Assigned task -
Below are the records; repeat exactly their lines between the line holding "二人目妊活中の人にとって大助" and the line holding "Nuestros Classic Studio", inclusive, skipping the pictures.

Records for the task -

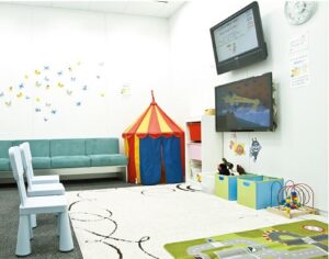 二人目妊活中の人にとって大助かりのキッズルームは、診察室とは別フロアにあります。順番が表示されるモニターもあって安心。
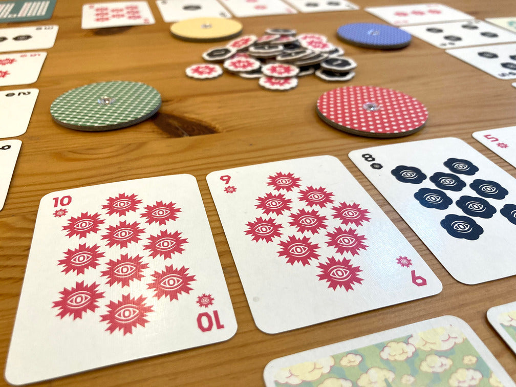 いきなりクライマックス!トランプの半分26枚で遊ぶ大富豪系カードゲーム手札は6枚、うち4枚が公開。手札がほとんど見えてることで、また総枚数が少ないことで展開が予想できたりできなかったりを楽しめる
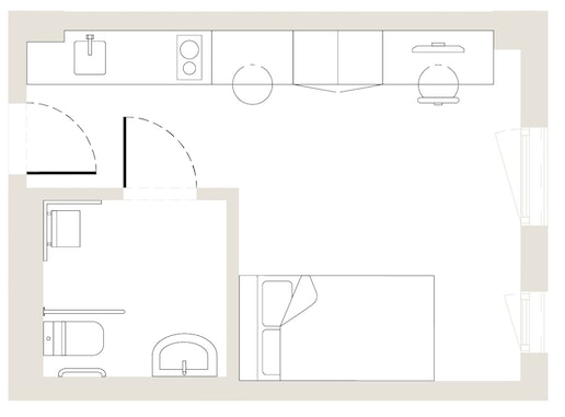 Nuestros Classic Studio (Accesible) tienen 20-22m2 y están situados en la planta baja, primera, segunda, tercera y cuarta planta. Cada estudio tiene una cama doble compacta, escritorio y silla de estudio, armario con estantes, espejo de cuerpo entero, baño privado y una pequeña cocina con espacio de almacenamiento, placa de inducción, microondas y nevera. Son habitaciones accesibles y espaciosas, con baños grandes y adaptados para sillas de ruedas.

---

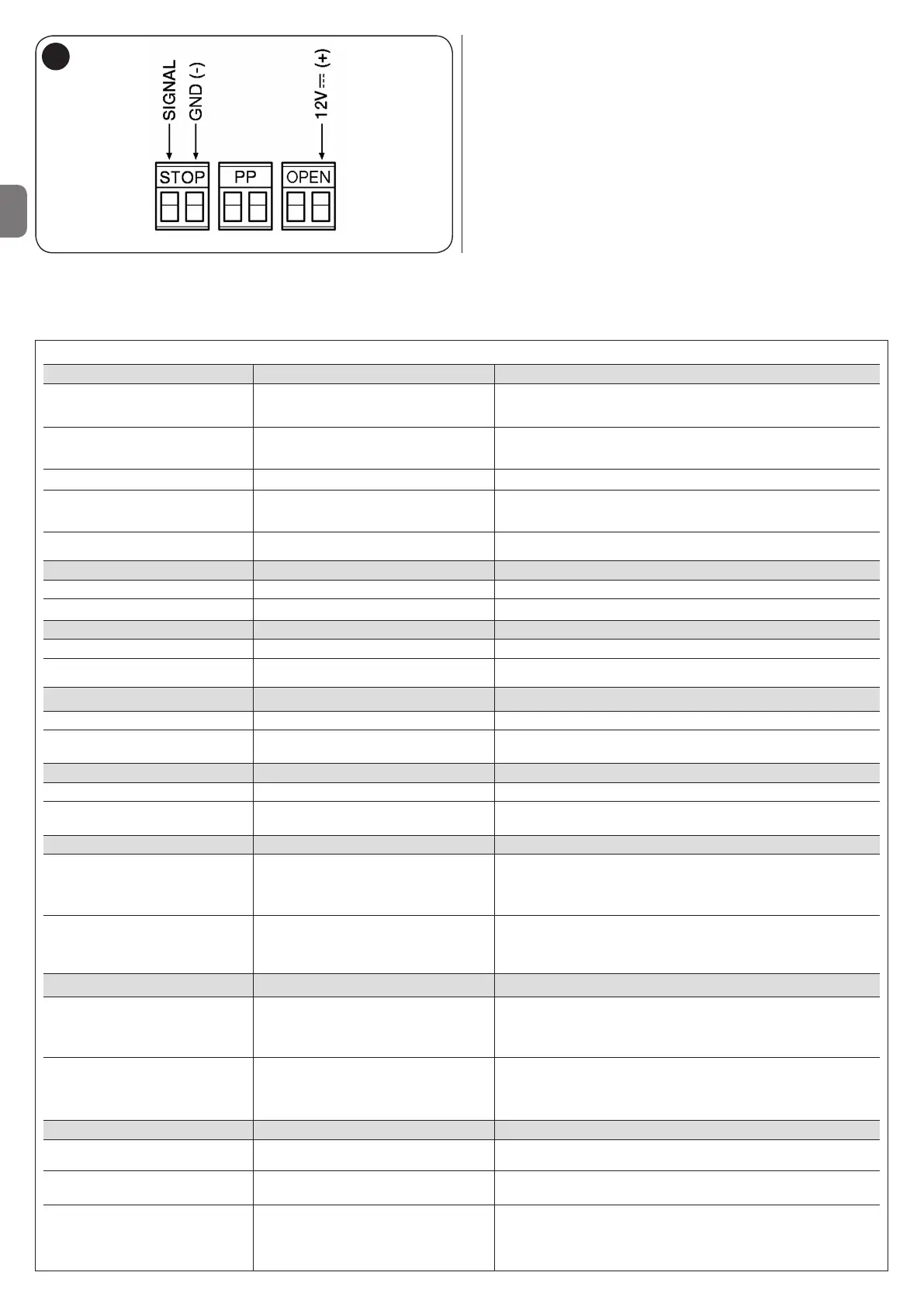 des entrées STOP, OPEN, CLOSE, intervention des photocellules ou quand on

...

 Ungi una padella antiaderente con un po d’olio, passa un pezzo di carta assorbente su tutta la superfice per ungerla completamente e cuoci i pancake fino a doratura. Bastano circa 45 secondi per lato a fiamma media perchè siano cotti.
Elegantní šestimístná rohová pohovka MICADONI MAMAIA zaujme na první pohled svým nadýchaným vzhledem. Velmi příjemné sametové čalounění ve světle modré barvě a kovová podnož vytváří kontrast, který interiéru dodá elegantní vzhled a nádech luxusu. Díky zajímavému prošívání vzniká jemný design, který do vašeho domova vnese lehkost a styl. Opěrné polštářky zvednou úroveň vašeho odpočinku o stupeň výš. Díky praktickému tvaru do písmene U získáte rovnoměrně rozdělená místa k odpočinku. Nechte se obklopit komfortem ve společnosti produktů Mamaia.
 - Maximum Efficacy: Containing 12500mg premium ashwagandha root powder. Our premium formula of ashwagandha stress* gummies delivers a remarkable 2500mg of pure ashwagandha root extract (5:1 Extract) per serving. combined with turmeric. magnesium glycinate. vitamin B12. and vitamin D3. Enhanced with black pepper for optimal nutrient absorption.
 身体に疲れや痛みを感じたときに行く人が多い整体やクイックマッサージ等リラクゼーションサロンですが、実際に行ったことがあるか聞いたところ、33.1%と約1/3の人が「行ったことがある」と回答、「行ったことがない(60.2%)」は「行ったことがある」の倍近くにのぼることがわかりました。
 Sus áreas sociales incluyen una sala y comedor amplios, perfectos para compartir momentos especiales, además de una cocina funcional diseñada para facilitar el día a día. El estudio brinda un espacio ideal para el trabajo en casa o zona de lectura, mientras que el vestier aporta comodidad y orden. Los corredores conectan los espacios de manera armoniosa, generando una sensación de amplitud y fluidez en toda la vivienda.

Answer to the exercise -
 二人目妊活中の人にとって大助かりのキッズルームは、診察室とは別フロアにあります。順番が表示されるモニターもあって安心。
 いきなりクライマックス!トランプの半分26枚で遊ぶ大富豪系カードゲーム手札は6枚、うち4枚が公開。手札がほとんど見えてることで、また総枚数が少ないことで展開が予想できたりできなかったりを楽しめる
 Nuestros Classic Studio (Accesible) tienen 20-22m2 y están situados en la planta baja, primera, segunda, tercera y cuarta planta. Cada estudio tiene una cama doble compacta, escritorio y silla de estudio, armario con estantes, espejo de cuerpo entero, baño privado y una pequeña cocina con espacio de almacenamiento, placa de inducción, microondas y nevera. Son habitaciones accesibles y espaciosas, con baños grandes y adaptados para sillas de ruedas.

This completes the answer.